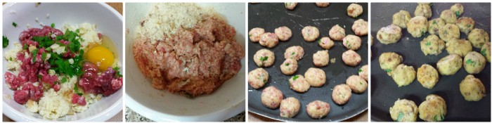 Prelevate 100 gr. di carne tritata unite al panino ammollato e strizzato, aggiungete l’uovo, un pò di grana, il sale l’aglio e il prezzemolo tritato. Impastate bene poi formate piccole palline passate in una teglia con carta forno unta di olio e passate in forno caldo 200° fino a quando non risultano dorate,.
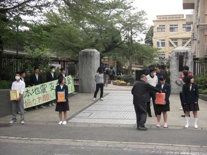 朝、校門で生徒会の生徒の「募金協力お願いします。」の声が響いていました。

...

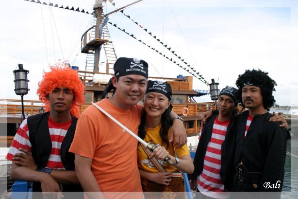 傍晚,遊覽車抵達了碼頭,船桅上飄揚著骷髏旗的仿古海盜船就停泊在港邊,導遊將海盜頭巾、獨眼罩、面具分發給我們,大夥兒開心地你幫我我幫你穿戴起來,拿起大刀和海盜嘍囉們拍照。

_Task prompt_
Return word for word the lines of the listing above, starting at the line with "Prelevate 100 gr." and ending at the line with "朝、校門で生徒会の生徒の「募金協力お願いします。」の声が響いていました。", both included. Pictures do not belong in the copy.

_Task solution_
 Prelevate 100 gr. di carne tritata unite al panino ammollato e strizzato, aggiungete l’uovo, un pò di grana, il sale l’aglio e il prezzemolo tritato. Impastate bene poi formate piccole palline passate in una teglia con carta forno unta di olio e passate in forno caldo 200° fino a quando non risultano dorate,.
 朝、校門で生徒会の生徒の「募金協力お願いします。」の声が響いていました。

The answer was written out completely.